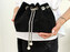 Elegantní stahovací kabelka ozdobená broušenými kamínky se efektně třpytí. Uzavírá se pomocí kovového řetízku s brzdičkou, konce řetízku jsou ozdobené velkými perlami. Navzdory své malé velikosti je kabelka díky rozšířenému dnu velice prostorná, vejde se do ní mobil, peněženka, klíče, kapesníky i...
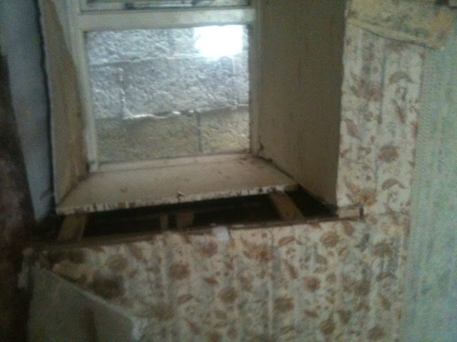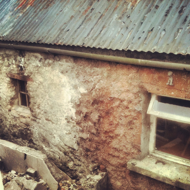 The result of all the stable building is that we have less extension, which can only be a good thing. I finally got to find out what the figure is above the bedroom window, which until today had a block wall 6 inches from it
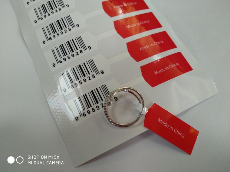| 标签特性 | 珠宝标签材质安全环保,不易脱落,印刷清晰、颜色鲜艳不褪色,表面光滑, 厚薄均匀,光泽度柔韧度好 |
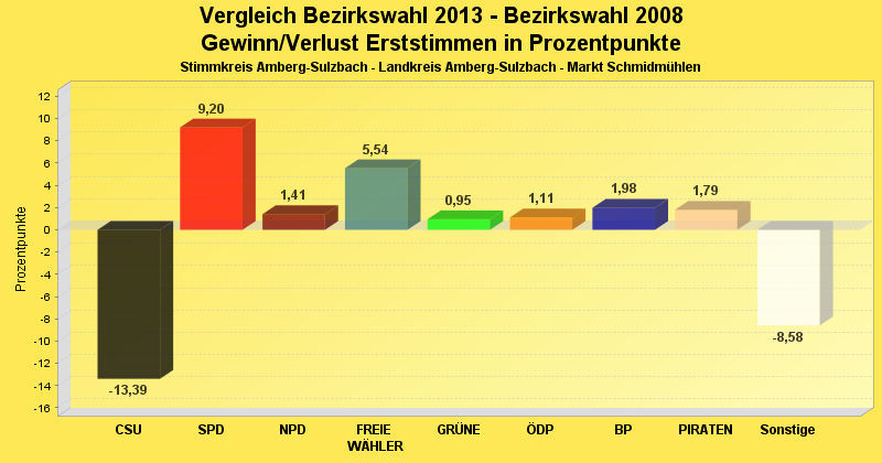 | Partei | Erststimmen 2013 | Prozent 2013 | Erststimmen 2008 | Prozent 2008 | |
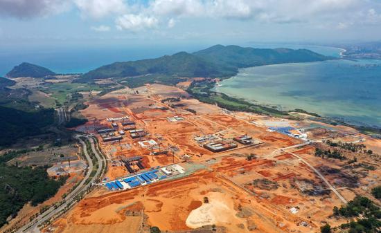 Foto aérea tirada em 4 de abril de 2021 mostra o local de obra da zona piloto de inova??o educacional internacional Li'an na península de Li'an do condado aut?nomo de Lingshui Li, província de Hainan, no sul da China. (Xinhua / Guo Cheng)
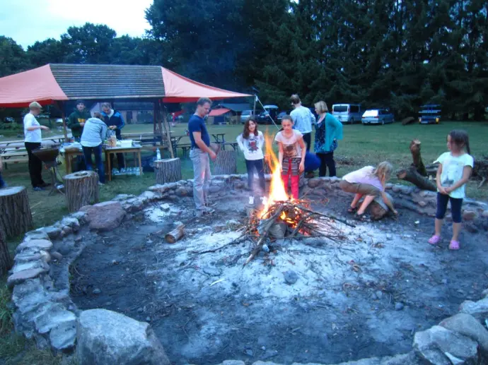 Jeden Abend konnten wir gemütlich am Lagerfeuer sitzen. Am Freitag stand Singen auf dem Programm. Bis 22 Uhr wurden alle in den Sommerferien geübten oder auch nicht geübten Capoeira-Lieder gesungen. Am Samstag wurde gegrillt und dann später am Lagerfeuer die müden Knochen ausgeruht.
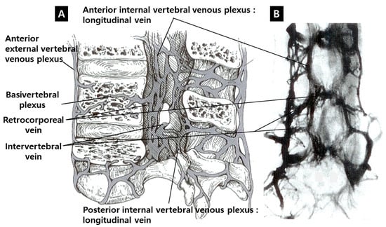 - Groen, R.J.; Groenewegen, H.J.; van Alphen, H.A.; Hoogland, P.V. Morphology of the human internal vertebral venous plexus: A cadaver study after intravenous Araldite CY 221 injection. Anat. Rec. 1997, 249, 285–294. [Google Scholar] [CrossRef]
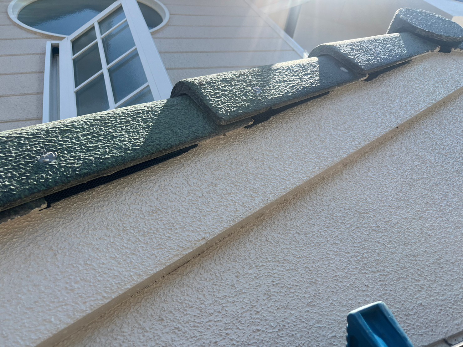 燻煙追い出し作業終了後、外部侵入口封鎖工事に取り掛かり瓦の隙間全てに通気性のある材料で綺麗に塞ぎのコーキングで固定しました。
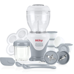 Nuby Mighty Blender with Cook Book, 22-Piece Baby Food Maker Set, Cool Gray
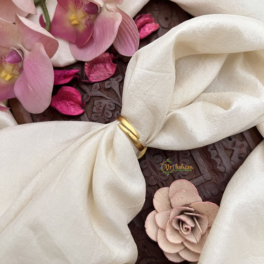The Vriksham Chandbali with Floral Jadau Kundan Finger Ring in red and green combines the classic crescent shape with intricate floral kundan work. This sophisticated ring offers a harmonious blend of traditional design and vibrant colors, making it a graceful accessory for elegant occasions.
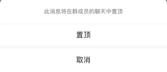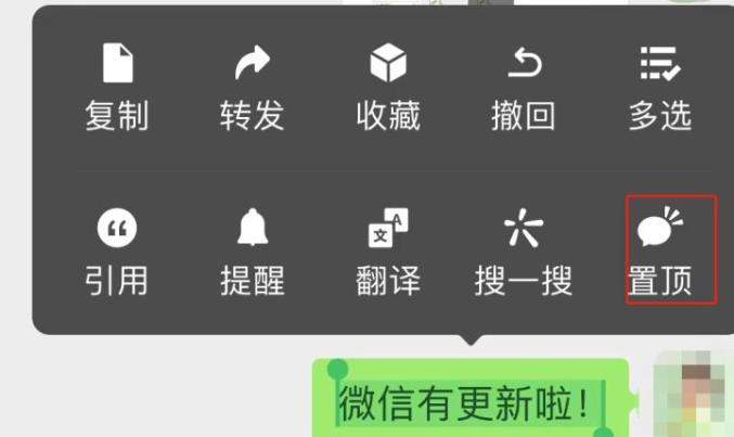 当群主或管理员在微信群中长按消息时会弹出功能菜单栏其中新增了「置顶」功能选项。
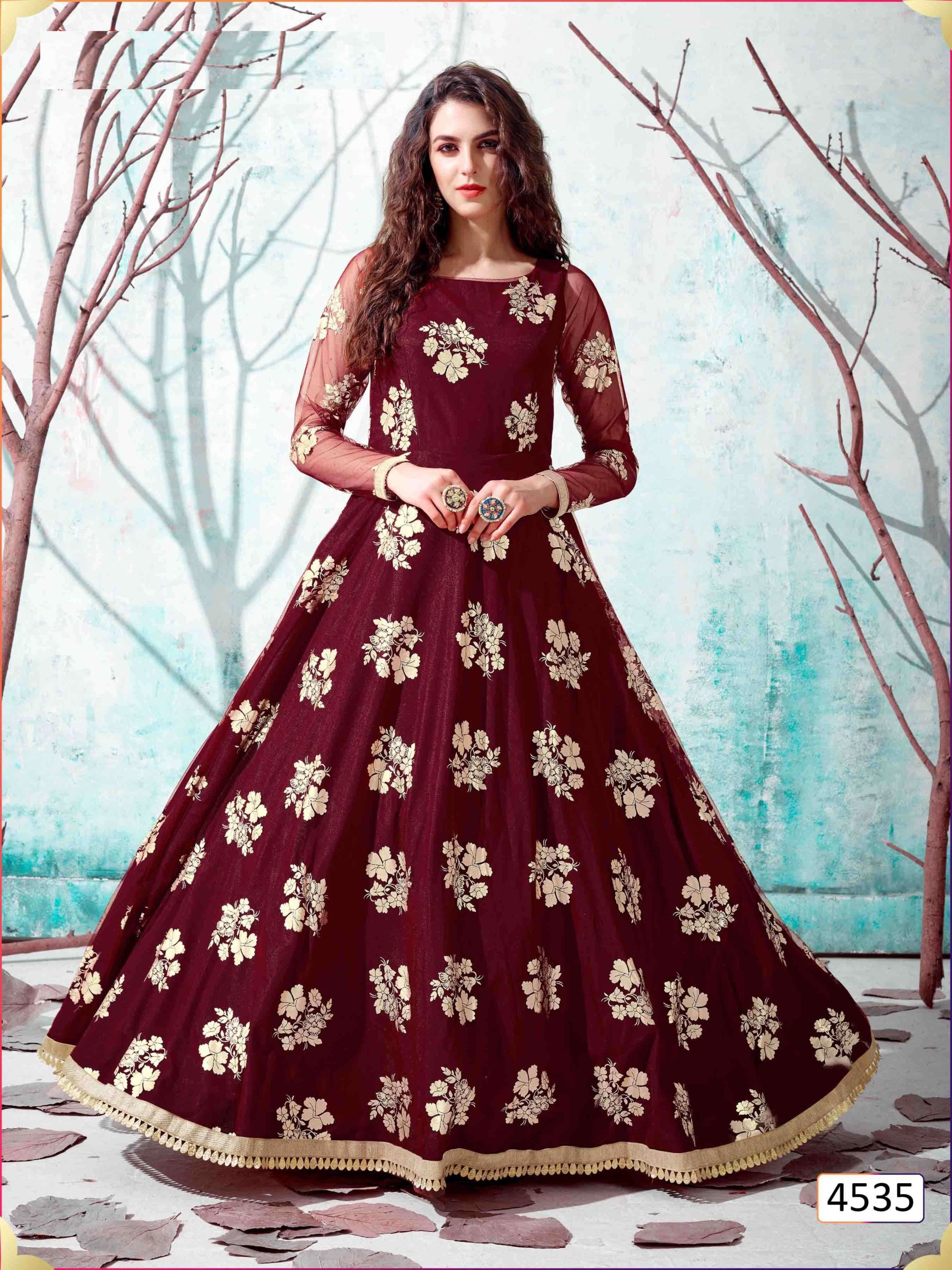 Party Wear Maroon Net Gown 4535
------------------------------
_Problem to work on_
Please retype every entry above exactly, leaving out any picture.

_Response area_
 Elegantní stahovací kabelka ozdobená broušenými kamínky se efektně třpytí. Uzavírá se pomocí kovového řetízku s brzdičkou, konce řetízku jsou ozdobené velkými perlami. Navzdory své malé velikosti je kabelka díky rozšířenému dnu velice prostorná, vejde se do ní mobil, peněženka, klíče, kapesníky i...
 The result of all the stable building is that we have less extension, which can only be a good thing. I finally got to find out what the figure is above the bedroom window, which until today had a block wall 6 inches from it
| 标签特性 | 珠宝标签材质安全环保,不易脱落,印刷清晰、颜色鲜艳不褪色,表面光滑, 厚薄均匀,光泽度柔韧度好 |
 | Partei | Erststimmen 2013 | Prozent 2013 | Erststimmen 2008 | Prozent 2008 | |
 Foto aérea tirada em 4 de abril de 2021 mostra o local de obra da zona piloto de inova??o educacional internacional Li'an na península de Li'an do condado aut?nomo de Lingshui Li, província de Hainan, no sul da China. (Xinhua / Guo Cheng)
 Jeden Abend konnten wir gemütlich am Lagerfeuer sitzen. Am Freitag stand Singen auf dem Programm. Bis 22 Uhr wurden alle in den Sommerferien geübten oder auch nicht geübten Capoeira-Lieder gesungen. Am Samstag wurde gegrillt und dann später am Lagerfeuer die müden Knochen ausgeruht.
 - Groen, R.J.; Groenewegen, H.J.; van Alphen, H.A.; Hoogland, P.V. Morphology of the human internal vertebral venous plexus: A cadaver study after intravenous Araldite CY 221 injection. Anat. Rec. 1997, 249, 285–294. [Google Scholar] [CrossRef]
 燻煙追い出し作業終了後、外部侵入口封鎖工事に取り掛かり瓦の隙間全てに通気性のある材料で綺麗に塞ぎのコーキングで固定しました。
 Nuby Mighty Blender with Cook Book, 22-Piece Baby Food Maker Set, Cool Gray
The Vriksham Chandbali with Floral Jadau Kundan Finger Ring in red and green combines the classic crescent shape with intricate floral kundan work. This sophisticated ring offers a harmonious blend of traditional design and vibrant colors, making it a graceful accessory for elegant occasions.
 当群主或管理员在微信群中长按消息时会弹出功能菜单栏其中新增了「置顶」功能选项。
 Party Wear Maroon Net Gown 4535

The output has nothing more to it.